*** COLLECTED MATERIAL Section Begins ***

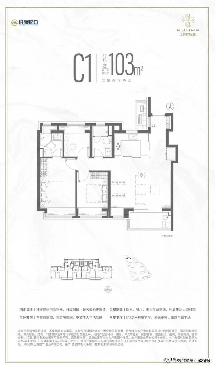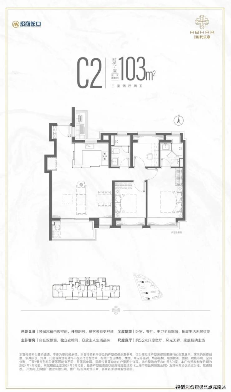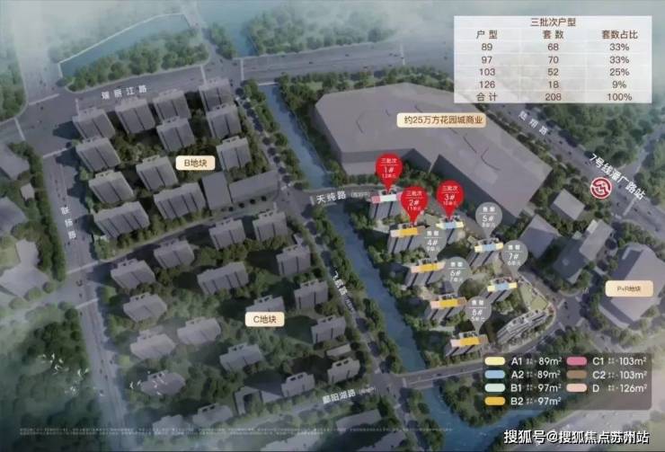 【项目户型】:建面约100m²三房、144 m²四房
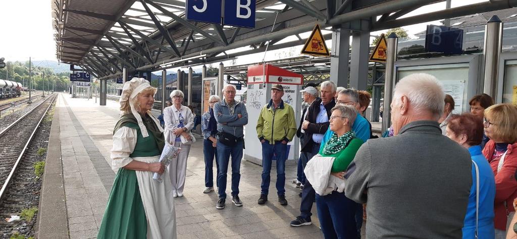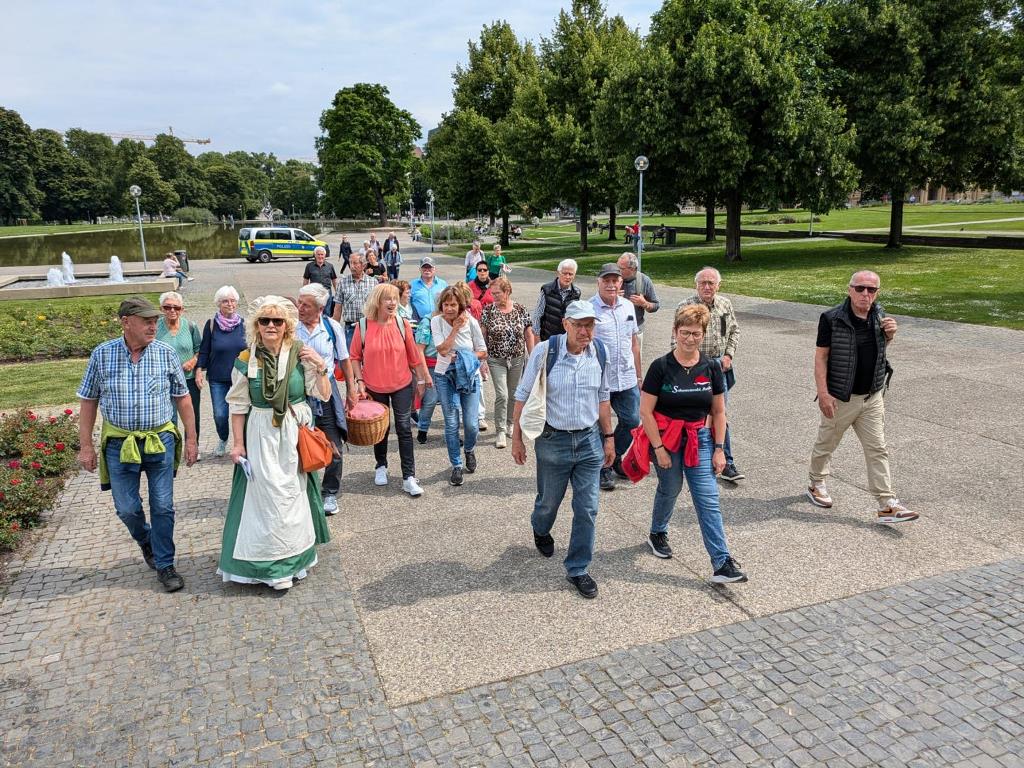 Am frühen Morgen, bei schönem Wetter, startete die 31-köpfige Reisegruppe an der Festhalle in Tennenbronn mit privaten PKW nach Rottweil. Weiter ging es mit dem Zug zum Hauptbahnhof nach Stuttgart. Im Zug verteilten die Organisatoren ein Snacksäckchen. In Stuttgart angekommen ging es zu Fuß unter der Führung der Marktfrau, Evelyn Immegart, mit Blicken auf die Baustelle „Stuttgart 21“, in die Stuttgarter Innenstadt. Über die „Pferdle & Äffle“ Ampel in die Königstraße und in die angrenzende Schlossgarten-Parkanlage, vorbei an dem Staatstheater, dem Eckensee, der Kunstmeile wie Staatsgalerie, Haus der Geschichte, Neuem Schloss zum Schlossplatz unter historischen Anekdoten der Marktfrau. Vom 4. Stock des Kunstmuseums konnte man einen Blick über die Stuttgarter Innenstadt werfen. Weiter über den Schillerplatz, vorbei am Fruchtkasten und der Stiftskirche sowie dem Alten Schloss ging es zur „Stuttgarter Markhalle“. Dort erwartete die Reisegruppe am historischen „Ceres-Brunnen“ eine Käseverkostung am Käsestand der Firma Widmann. Der Geschäftsführer erzählte einiges über diverse Käsesorten. Erstaunt erfuhr man, dass es weltweit ca. 5.000 Käsesorten gibt. Danach konnte man die kulinarische Vielfalt der Markthalle auf sich wirken lassen.
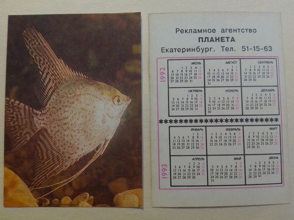 Карманный календарик. Аквариумные рыбы.1992 год
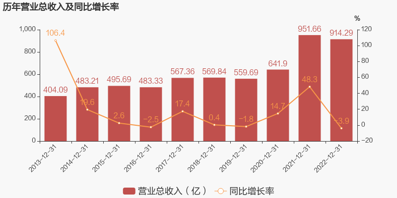 公司2022年营业成本883.52亿元,同比下降4.1%,高于营业收入3.9%的下降速度,毛利率上升0.1%。期间费用率为2.1%,同去年相比变化不大。经营性现金流由-33.15亿元增加至5.38亿元,同比上升116.2%。

*** COLLECTED MATERIAL Section Ends ***

Set down all of the data word for word; no pictures belong in it.

> EXERCISE OUTPUT
 【项目户型】:建面约100m²三房、144 m²四房
 Am frühen Morgen, bei schönem Wetter, startete die 31-köpfige Reisegruppe an der Festhalle in Tennenbronn mit privaten PKW nach Rottweil. Weiter ging es mit dem Zug zum Hauptbahnhof nach Stuttgart. Im Zug verteilten die Organisatoren ein Snacksäckchen. In Stuttgart angekommen ging es zu Fuß unter der Führung der Marktfrau, Evelyn Immegart, mit Blicken auf die Baustelle „Stuttgart 21“, in die Stuttgarter Innenstadt. Über die „Pferdle & Äffle“ Ampel in die Königstraße und in die angrenzende Schlossgarten-Parkanlage, vorbei an dem Staatstheater, dem Eckensee, der Kunstmeile wie Staatsgalerie, Haus der Geschichte, Neuem Schloss zum Schlossplatz unter historischen Anekdoten der Marktfrau. Vom 4. Stock des Kunstmuseums konnte man einen Blick über die Stuttgarter Innenstadt werfen. Weiter über den Schillerplatz, vorbei am Fruchtkasten und der Stiftskirche sowie dem Alten Schloss ging es zur „Stuttgarter Markhalle“. Dort erwartete die Reisegruppe am historischen „Ceres-Brunnen“ eine Käseverkostung am Käsestand der Firma Widmann. Der Geschäftsführer erzählte einiges über diverse Käsesorten. Erstaunt erfuhr man, dass es weltweit ca. 5.000 Käsesorten gibt. Danach konnte man die kulinarische Vielfalt der Markthalle auf sich wirken lassen.
 Карманный календарик. Аквариумные рыбы.1992 год
 公司2022年营业成本883.52亿元,同比下降4.1%,高于营业收入3.9%的下降速度,毛利率上升0.1%。期间费用率为2.1%,同去年相比变化不大。经营性现金流由-33.15亿元增加至5.38亿元,同比上升116.2%。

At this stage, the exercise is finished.